● AIM OF THE TASK
In the answer, each line from the top of the material through the line that contains "Titel: Oscarias nya" is restated exactly. No picture is given again.

● EXTRACTED DATA
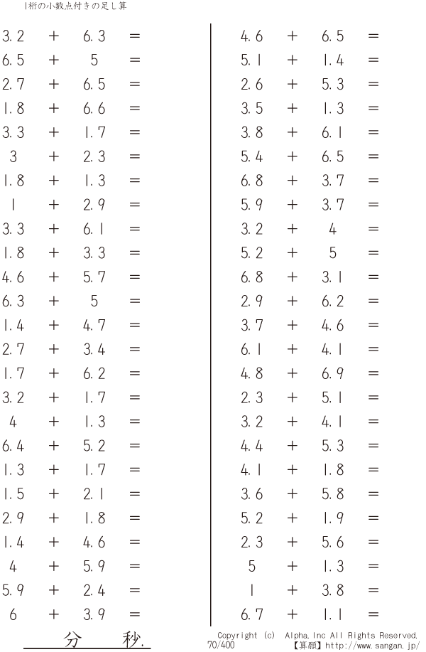 上記のボタンから「1桁の小数点付きの足し算」の算数数学ドリル・計算ドリル(PDFプリント)がダウンロードできます。個人利用は無料です(家庭以外での配布は有料です)。
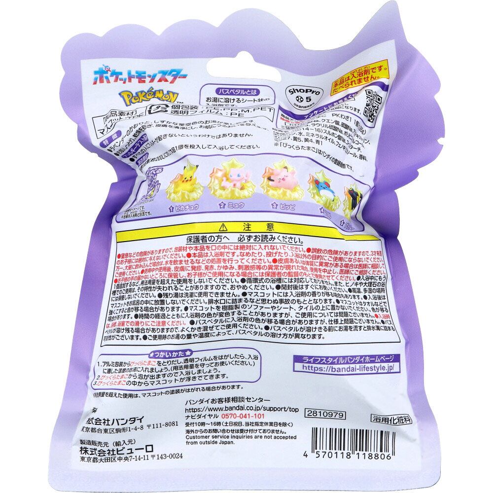 ●中から出てくるマスコットは全部で5種類!※いずれか1つが入っています(※種類は選べません)。台座つき(※台座は入浴剤と別添です)。・ピカチュウ・ミュウ・ピッピ・マリル・ブラッキー
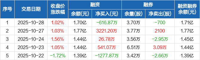 连云港:融资净偿还616.87万元,融资余额1.7亿元(10-28)
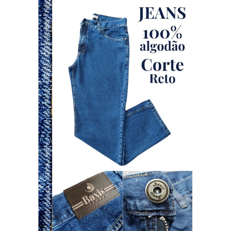 calça jeans tradicional reta modelo antigo 100% algodão
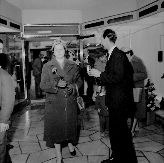 Titel: Oscarias nya affär, skoaffärsinteriör, kunder och personal.
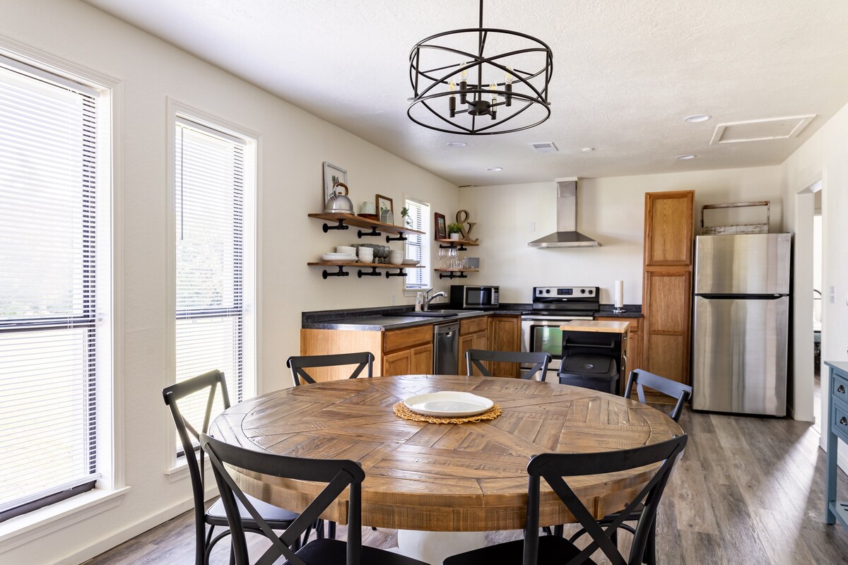 Convenient in town location. Enjoy the vaulted living room area, one bedroom, one bath villa decked out in an industrial décor, from reclaimed boxcar flooring wood countertops with steel trim to sliding barn doors. Everything you need to make your stay in Sulphur pleasant as possible at a budget friendly price. You are close to Chickasaw Recreation (Platt National Park) area, a unique downtown, arts centers and casinos as well as multiple fine restaurants.
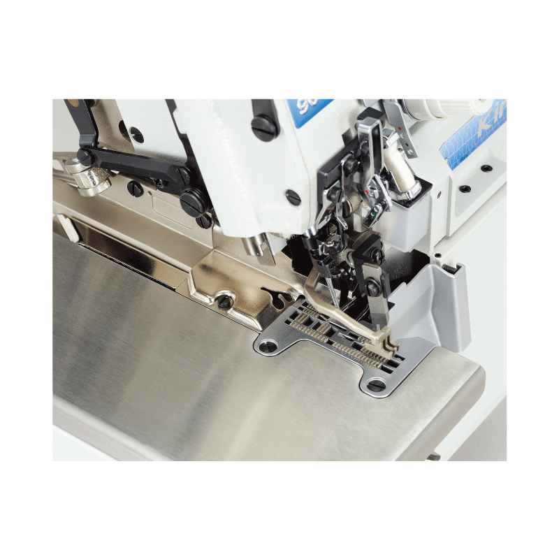 特殊之傳動機構係為車縫特厚布料而專門設計,如厚牛仔褲,厚工作服等之車縫作業,可輕易車縫8層14盎司的牛仔布(如牛仔褲之褲襠接合處)。
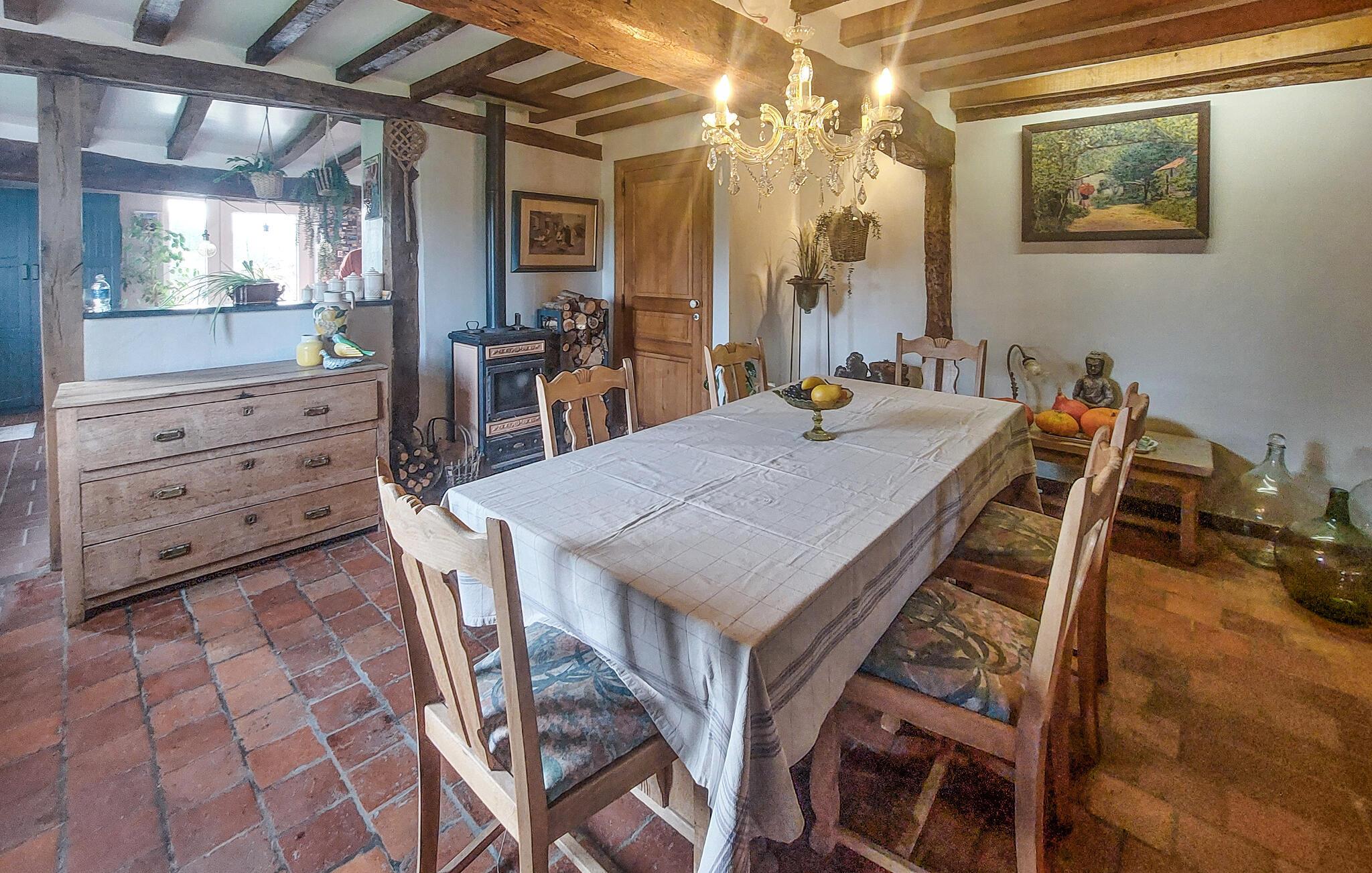Dette hus byder jer velkommen med historisk stil og rustik charme. Stenfliser, træbjælker og en imponerende brændeovn skaber en charmerende atmosfære, der minder om svundne tider. Læn jer tilbage i den komfortable sofa med en kop kaffe, læs en god bog eller prøv nye opskrifter i det veludstyrede køkken.
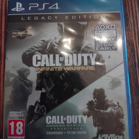 Activision Call of Duty Infinite Warfare Legacy Edition for Playstation 4. Inkluderer kampanje, multiplayer og zombies-modus. Spilleren kan oppleve intense kamper i ulike miljøer.coveret er litt ødelagt(se bilder)
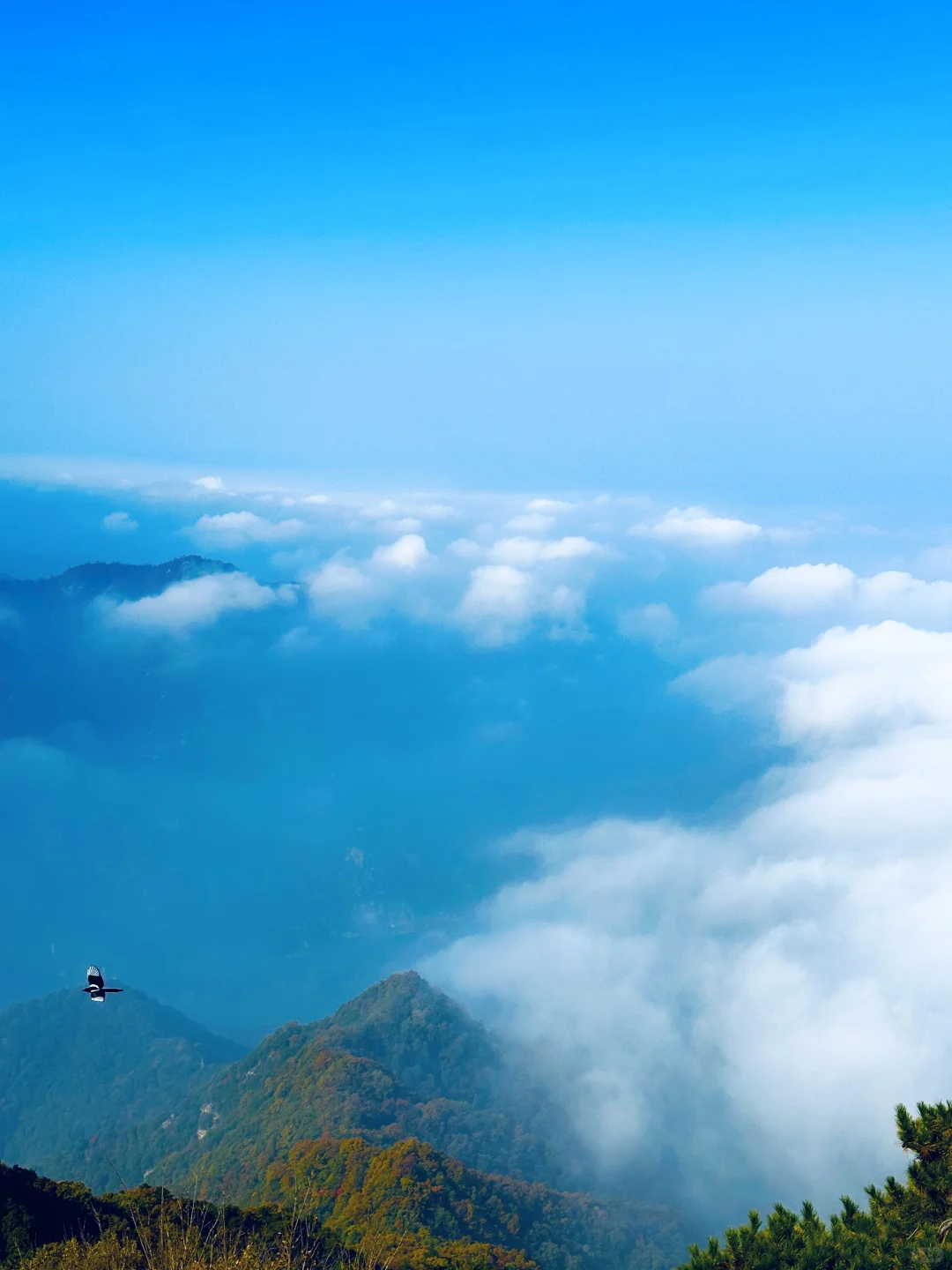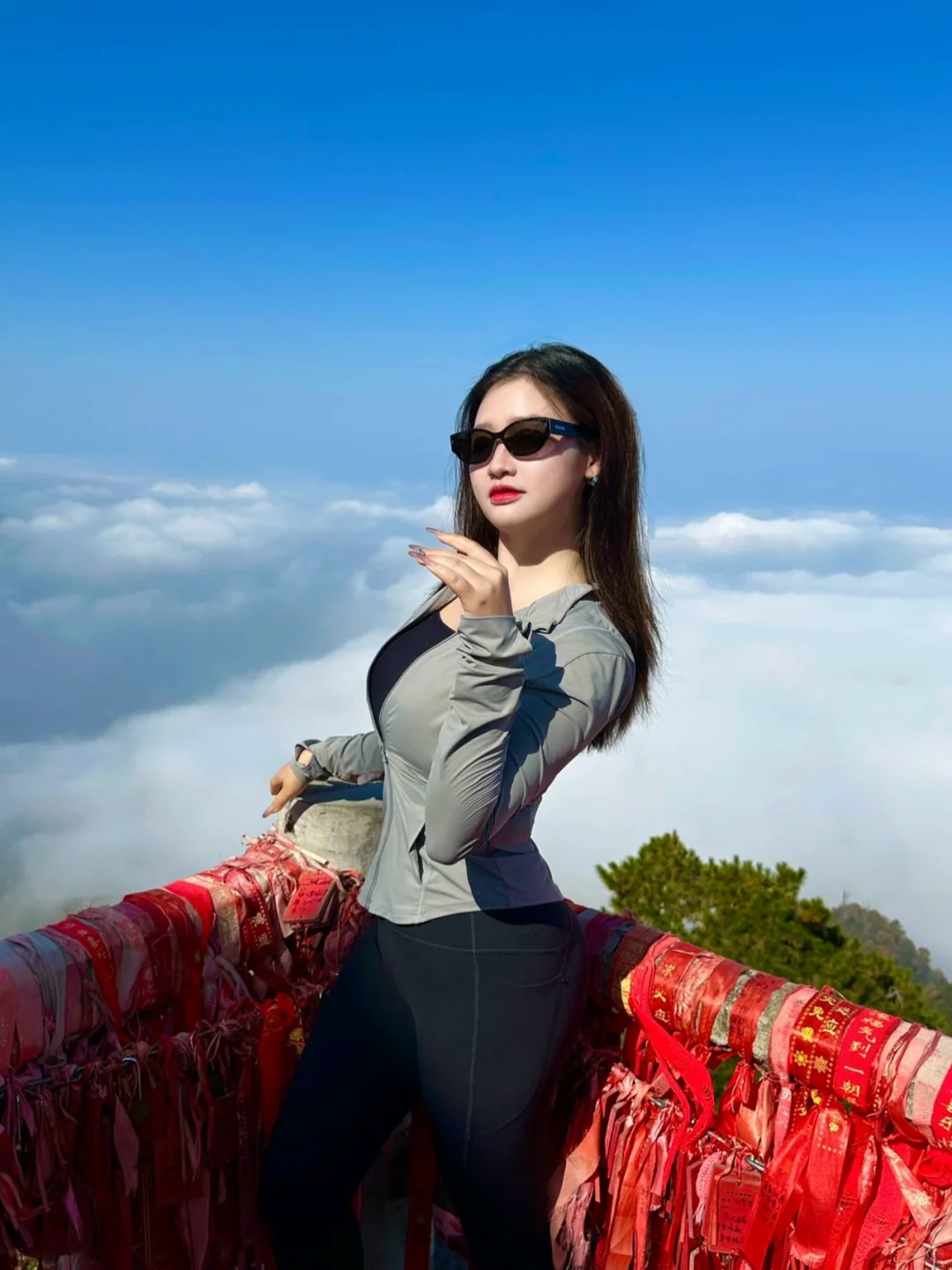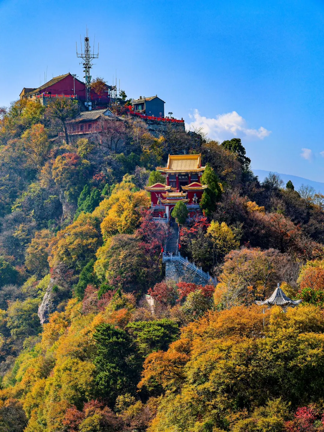 -最后是灵应台和文殊台,在文殊台许愿家人朋友学业有成,事业一帆风顺。灵应台有祈福树,用一条祈福带写上自己的心愿,系在树上寻一份心灵上的寄托✨!终南山唯一的云顶天宫⛰️也在此,南五台的云海风景很震撼,“云海翻涌腾细浪,浓雾缭绕系群山”的景象此刻在眼前浮现!

● TASK RESULT
 上記のボタンから「1桁の小数点付きの足し算」の算数数学ドリル・計算ドリル(PDFプリント)がダウンロードできます。個人利用は無料です(家庭以外での配布は有料です)。
 ●中から出てくるマスコットは全部で5種類!※いずれか1つが入っています(※種類は選べません)。台座つき(※台座は入浴剤と別添です)。・ピカチュウ・ミュウ・ピッピ・マリル・ブラッキー
 连云港:融资净偿还616.87万元,融资余额1.7亿元(10-28)
 calça jeans tradicional reta modelo antigo 100% algodão
 Titel: Oscarias nya affär, skoaffärsinteriör, kunder och personal.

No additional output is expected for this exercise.